Use track if you want the provenance information to include every time this file is read or written.

propagate

Use propagate if you want the provenance information to track the flow of data out of this file, through other processes, into other files, etc.

ipv4-egress

Track information leaving the system being monitored (connect).

parameter	description
`propagate`	similar to file, but for data sent to this IPv4 address
`record`	like `propagate`, but also capture packet content

Specify an IPv4 address using the format <ip>/<mask>:<port>.

ipv4-ingress

Track information entering the system being monitored (bind).

parameter	description
`propagate`	see ipv4-egress
`record`	see ipv4-egress

user

Like file, but for users.

parameter	description
`opaque`	similar to file, but for this username
`track`	"
`propagate`	"

group

Like file, but for groups.

secctx

Same as file, but for security contexts.

Specify a security context using the format of the main Linux Security Module of the system (see here for SELinux).

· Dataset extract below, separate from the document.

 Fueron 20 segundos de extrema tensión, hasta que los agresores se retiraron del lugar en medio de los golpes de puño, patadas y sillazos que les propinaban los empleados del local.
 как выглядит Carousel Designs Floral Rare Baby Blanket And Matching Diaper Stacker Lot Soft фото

Further information about these parameters may be gleaned by perusing the header files in the kernel module.

relay

This set the size of the kernel relay buffer.

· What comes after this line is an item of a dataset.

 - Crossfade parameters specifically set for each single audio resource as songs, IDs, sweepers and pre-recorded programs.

If you notice event losses, do adjust this parameters (this may happen with systems under heavy workload). You can check the number of dropped events using camflow --drop.

Recording configuration

After CamFlow captures provenance, you can configure where and in what format the provenance information is published.

The configuration file is /etc/camflowd.ini.

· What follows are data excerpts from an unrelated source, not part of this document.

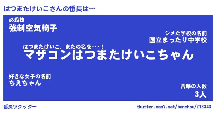 | 伝説のあだ名 | 『封印されしスナイパーはつまたけいこ』 |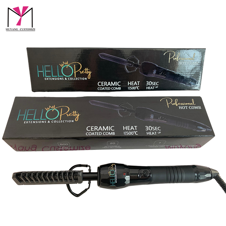 Juego de peines térmicos de color personalizado MUYANG, incluye herramientas térmicas, cortapelos, pinzas, bolsas de poliéster y etiquetas colgantes, bolsa de satén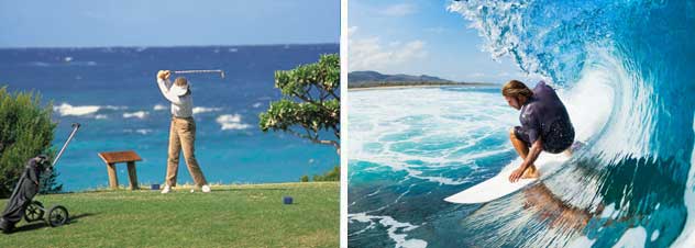 Маврикий - идеальное место для любителей гольфа. Гольф-поля на острове расположены очень близко к океану, так, что играя можно насладиться красотой голубой лагуны и свежим морским бризом. Кроме того, путешественники, увлекающиеся спортом, могут заняться серфингом, клаймбингом (подняться на легендарную гору Ле Морн Брабант) и попробовать легендарный zip-line – прокатиться на тросе по канату над каньоном и рекой. И конечно, не забывайте про дайвинг и снорклинг.

To apply a new configuration, run systemctl restart camflowd.service.

Sample configuration

Here is a sample /etc/camflowd.ini configuration.

[general]
;output=null
;output=mqtt
;output=unix_socket
;output=fifo
output=log

;format=w3c
format=spade_json

[log]
path=/tmp/audit.log

[mqtt]
address=m12.cloudmqtt.com:17065
username=camflow
password=test
; message delivered: 0 at most once, 1 at least once, 2 exactly once
qos=2
; topic, provided prefix + machine_id (e.g. camflow/provenance/1234)
topic=camflow/provenance/

[unix]
address=/tmp/camflowd.sock

[fifo]
path=/tmp/camflowd-pipe

Configuration parameters

Following is a list of the parameters and their effects, broken down by section.

general

parameter	description
`output`	where to publish provenance records?
`format`	in what format to publish provenance records?

output

value	effect
`null`	discard provenance records
`mqtt`	publish to an MQTT service
`unix_socket`	publish to a UNIX socket
`fifo`	publish to a named pipe (“FIFO”)
`log`	publish to a log file

format

value	effect
`w3c`	use w3c PROV-JSON format
`spade_json`	use SPADE JSON format

log

If output=log, these parameters take effect.

parameter	description
`path`	publish to this file

mqtt

If output=mqtt, these parameters take effect.

parameter	description
`address`	MQTT broker
`username`	credentials
`password`	credentials
`qos`	delivery guarantees

qos

For each record, publish to broker…

value	effect
0	at most once
1	at least once
2	exactly once

unix_socket

If output=unix_socket, these parameters take effect.

parameter	description
`address`	publish to the socket at this path

fifo

If output=fifo, these parameters take effect.

parameter	description
`path`	publish to the fifo at this path

Output format

The output generated by camflowd supports two formats: W3C PROV-JSON format and the SPADE JSON format.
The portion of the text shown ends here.